WORK REQUEST:
In the records below, find the line with "sanduk – kaže sagovornik." and the line with "I fired up my"; return exactly those lines and every line between them.

SOURCE DATA:
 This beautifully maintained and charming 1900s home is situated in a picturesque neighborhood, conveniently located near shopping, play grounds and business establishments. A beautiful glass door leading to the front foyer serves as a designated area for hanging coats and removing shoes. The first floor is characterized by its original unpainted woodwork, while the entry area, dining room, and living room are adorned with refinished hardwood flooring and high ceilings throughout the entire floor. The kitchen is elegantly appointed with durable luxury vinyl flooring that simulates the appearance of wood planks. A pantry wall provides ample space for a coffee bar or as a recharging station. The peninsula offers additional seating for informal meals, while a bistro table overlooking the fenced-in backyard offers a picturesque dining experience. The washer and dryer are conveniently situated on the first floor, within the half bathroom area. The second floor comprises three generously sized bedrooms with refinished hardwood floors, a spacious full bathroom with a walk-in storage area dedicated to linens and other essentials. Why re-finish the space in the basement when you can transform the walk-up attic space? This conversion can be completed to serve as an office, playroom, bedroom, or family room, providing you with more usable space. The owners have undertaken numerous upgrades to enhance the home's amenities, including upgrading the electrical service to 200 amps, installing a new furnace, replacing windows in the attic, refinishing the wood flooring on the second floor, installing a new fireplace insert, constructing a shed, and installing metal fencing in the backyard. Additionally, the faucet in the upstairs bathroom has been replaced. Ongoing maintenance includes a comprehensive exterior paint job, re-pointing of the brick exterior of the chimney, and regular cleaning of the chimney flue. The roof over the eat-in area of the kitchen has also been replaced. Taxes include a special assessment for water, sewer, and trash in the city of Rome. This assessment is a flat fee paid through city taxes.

* * *

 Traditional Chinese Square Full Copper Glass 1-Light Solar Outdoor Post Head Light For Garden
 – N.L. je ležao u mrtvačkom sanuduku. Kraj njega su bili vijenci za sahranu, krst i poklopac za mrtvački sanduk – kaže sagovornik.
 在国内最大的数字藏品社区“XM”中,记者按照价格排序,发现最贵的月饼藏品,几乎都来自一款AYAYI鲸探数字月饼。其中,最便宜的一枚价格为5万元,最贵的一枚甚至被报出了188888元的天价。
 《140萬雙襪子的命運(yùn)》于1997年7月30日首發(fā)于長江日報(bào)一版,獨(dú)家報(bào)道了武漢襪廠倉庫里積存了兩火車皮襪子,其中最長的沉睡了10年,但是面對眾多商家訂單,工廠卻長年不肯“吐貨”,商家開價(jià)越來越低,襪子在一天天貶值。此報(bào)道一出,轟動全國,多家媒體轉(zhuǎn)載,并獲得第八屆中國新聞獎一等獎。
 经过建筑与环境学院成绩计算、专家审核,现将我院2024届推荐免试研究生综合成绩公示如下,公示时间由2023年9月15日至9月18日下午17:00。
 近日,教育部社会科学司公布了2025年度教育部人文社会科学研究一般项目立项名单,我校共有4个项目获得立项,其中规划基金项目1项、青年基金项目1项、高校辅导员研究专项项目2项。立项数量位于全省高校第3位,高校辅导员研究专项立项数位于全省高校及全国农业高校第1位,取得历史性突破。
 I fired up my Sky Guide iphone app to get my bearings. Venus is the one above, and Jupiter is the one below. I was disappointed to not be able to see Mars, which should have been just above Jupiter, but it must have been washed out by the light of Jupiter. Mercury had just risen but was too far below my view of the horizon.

REPLY:
 – N.L. je ležao u mrtvačkom sanuduku. Kraj njega su bili vijenci za sahranu, krst i poklopac za mrtvački sanduk – kaže sagovornik.
 在国内最大的数字藏品社区“XM”中,记者按照价格排序,发现最贵的月饼藏品,几乎都来自一款AYAYI鲸探数字月饼。其中,最便宜的一枚价格为5万元,最贵的一枚甚至被报出了188888元的天价。
 《140萬雙襪子的命運(yùn)》于1997年7月30日首發(fā)于長江日報(bào)一版,獨(dú)家報(bào)道了武漢襪廠倉庫里積存了兩火車皮襪子,其中最長的沉睡了10年,但是面對眾多商家訂單,工廠卻長年不肯“吐貨”,商家開價(jià)越來越低,襪子在一天天貶值。此報(bào)道一出,轟動全國,多家媒體轉(zhuǎn)載,并獲得第八屆中國新聞獎一等獎。
 经过建筑与环境学院成绩计算、专家审核,现将我院2024届推荐免试研究生综合成绩公示如下,公示时间由2023年9月15日至9月18日下午17:00。
 近日,教育部社会科学司公布了2025年度教育部人文社会科学研究一般项目立项名单,我校共有4个项目获得立项,其中规划基金项目1项、青年基金项目1项、高校辅导员研究专项项目2项。立项数量位于全省高校第3位,高校辅导员研究专项立项数位于全省高校及全国农业高校第1位,取得历史性突破。
 I fired up my Sky Guide iphone app to get my bearings. Venus is the one above, and Jupiter is the one below. I was disappointed to not be able to see Mars, which should have been just above Jupiter, but it must have been washed out by the light of Jupiter. Mercury had just risen but was too far below my view of the horizon.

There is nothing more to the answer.